Es sollte eigentlich das größte Projekt in der Gemeinde Blankenfelde-Mahlow sein und einen Impuls für ein neues Ortszentrum setzen. Das Blankenfelder Rathaus ist seit Jahren im Visier von Juristen und inzwischen der größter Zankapfel der lokalen Politik. Am 23. Februar beerdigte die Gemeindevertretung das 14-Millionen-Euro-Vorhaben. Bürgermeister Ortwin Baier (SPD) hatte allerdings bis zum Schluss gehofft, den doch noch Bau umzusetzen zu können.

Wie fühlt man sich, wenn man drei Millionen Euro versenkt hat?

Nicht ich, sondern fünf Fraktionen (CDU, BVBB-WG, BB/FDP, AfD und FWG) und Herr Schiller haben sich bewusst dafür entschieden, Millionen in den Sand zu setzen. Dennoch geht mir das sehr nahe, weil es nicht meinem Verständnis für verantwortungsvolles Handeln für den Bürger entspricht, wenn man den Steuerzahler völlig unnötig belastet. Ich kann nicht verstehen, dass man sich nun auch noch einer Haftungsprüfung entziehen will, wenn man so grob fahrlässig Steuergeld verschwendet. Der Gemeindeanwalt hat uns darauf hingewiesen, dass es sich nicht um einen juristisch infizierten Vertrag handelt, sondern um einen politisch infizierten. Das ist ein himmelweiter Unterschied. Wer trotzdem so entscheidet, steht nach meiner Meinung nicht nur in der politischen, sondern auch in der materiellen Verantwortung.

Aber es gab doch zwei Strafbefehle.

Fragen sie die Betroffenen selbst, diese fühlen sich als Sonderopfer des Staates, da sich weder der Vorwurf des Betruges noch der der Korruption bewahrheitet hat. Das Pilotprojekt hätte trotzdem umgesetzt werden können. Herr Stefke und seine Mitstreiter verstecken sich hier hinter ihrem Anwalt, obwohl es zwei Gerichtsbeschlüsse gibt, die der Gemeindeverwaltung wirtschaftliches Handeln bestätigen und den Rat ihres eigenen Anwalts, dass eine Umsetzung jederzeit möglich sei, gibt. Nun stehen sie vor einem Millionen großen Scherbenhaufen, der vermutlich Kürzungen bei der Vereinsförderung nach sich zieht, was sie politisch zu verantworten haben.

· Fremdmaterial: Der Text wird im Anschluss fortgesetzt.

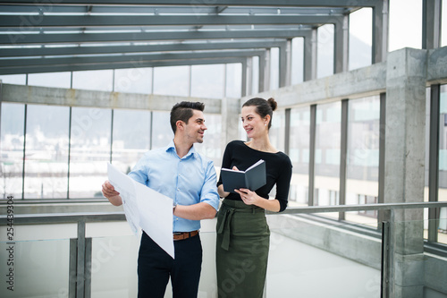 interior, inside, indoor, room, modern, people, adult, man, male, young, caucasian, workplace, workstation, business, office, corporate, work, businesswoman, portrait, copy, space, empty, blank, standing, attractive, architect, architecture, working, photogenic, building, design, project, professional, engineer, blueprint, laptop, computer, woman, female, colleague, talking, plan, notebook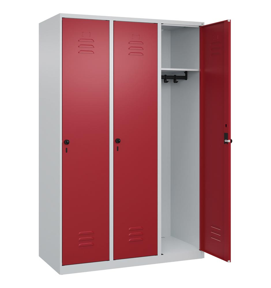 Garderobenschrank, BxTxH 1200x500x1850 mm, 3 Abteile, B 400 mm, Bodenstehend, Drehriegel, Farbwahl

Ärgern Sie sich, dass Sie das Rathaus nicht gebaut haben, als Sie noch die Mehrheit in der Gemeindevertretung hatten?

Es gibt keine Bürgermeistermehrheit, auch wenn manche das gerne so verkaufen. Der Bürgermeister wird vom Volk gewählt. Gemeindevertretung und Verwaltung bilden eine Einheit. Wenn jemand sein Mandat annimmt, erwarte ich, dass das im Sinne des Gemeinwohls passiert. Dieses Verhalten schadet den Bürgern und dürfte einen klaren Mandatsmissbrauch darstellen.

Inwiefern?

Die Gemeindevertretung ist 2006 zu dem Ergebnis gekommen, dass wir ein Rathaus brauchen. Zuerst haben wir alle Schulen, Kitas, Sportstätten und Feuerwehren gebaut bzw. saniert. Dann wollte die Gemeindevertretung ein Rathaus bauen, nachdem ein Gutachten schon 2006 zu dem Ergebnis gekommen ist, dass das jetzige Verwaltungsgebäude in Blankenfelde abrissreif ist. Wenn man sich für diesen Weg entscheidet, muss man ihn zu Ende gehen. Ein Neustart kostet unnötig viel Geld.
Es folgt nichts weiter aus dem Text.